Original article was published on Artificial Intelligence on Medium

# Evaluation Metrics

We will be explaining the difference between the evaluation metrics we listed out above. But first, in order to understand these metrics, you will need to know what ** False Positives and False Negatives** are and the difference between the two. Please see the article below for an explanation of the differences between the two:

In order to calculate the different evaluation metrics, you will need to know the amount of *False Positives (FP), False Negatives (FN), True Positives (TP), and True Negatives (TN)*. It would also be helpful to know the difference between them.

## Accuracy

Let’s start with simplest of the four evaluation metrics — Accuracy. Accuracy is simply the measure of how many observations our model correctly predicted over the total number of observations:

Accuracy = (TP + TN) / (TP + TN + FP + FN)

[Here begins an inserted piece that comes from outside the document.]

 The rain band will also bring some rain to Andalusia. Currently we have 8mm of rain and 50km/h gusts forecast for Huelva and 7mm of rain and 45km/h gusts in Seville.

For example, let’s say we have a machine that classifies if a fruit is an apple or not. In a sample of hundreds of apples and oranges, the accuracy of the machine will be how many apples it classified correctly as *apples* and how many oranges it classified as *not apples* divided by the total number of apples and oranges. It is a simple and effective measurement as long as the number of apples and oranges are the same. Otherwise, we may have to use a different evaluation metric.

## Precision

Precision is the measure of how many observations our model correctly predicted over the amount of correct and incorrect predictions.

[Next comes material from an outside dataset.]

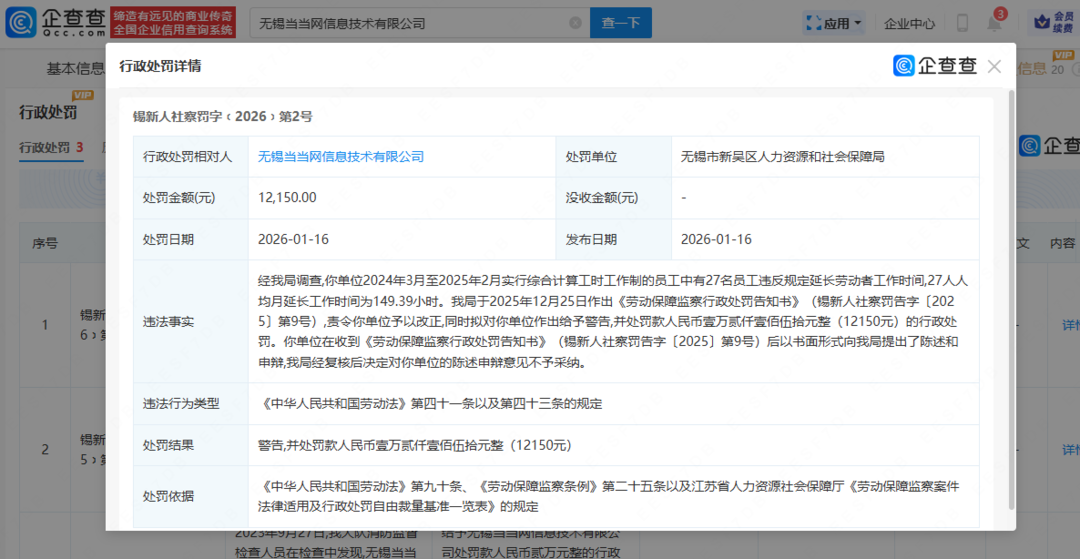 近期一则行政处罚信息显示,无锡当当网信息技术有限公司因违反劳动法相关规定,被当地人力资源和社会保障局处以警告并罚款12150元。

Precision = TP / (TP + FP)

Using our apple and oranges example, precision would measure the number of correctly classified apples divided by the apples *correctly* labeled as apples *and* the oranges *incorrectly* labeled as apples. In other words, precision measures how many of our classified apples were actually oranges.

## Recall

Recall is the measure of how many observations our model correctly predicted over the total amount of observations.

Recall = TP / (TP + FN)

In our apples and oranges example, recall measures the amount apples labeled correctly divided by the *total amount* of apples present. In other words, recall measures how many apples we might have missed in the entire sample of fruit.

## F1 Score

If we put our focus into one score, we might end up neglecting the other. In order to combat this we can use the F1 Score, which strikes a balance between the Precision and Recall scores. To calculate the F1 Score, you need to know the Precision and Recall scores and input them into the following formula:

F1 Score = 2 * ( (Precision * Recall) / (Precision + Recall) )

Using our apples and oranges example, F1 score will calculate a balance between Precision and Recall. It will measure the amount of misclassified oranges as apples (*False Positives*) and the amount of apples not correctly classified as apples (*False Negatives*).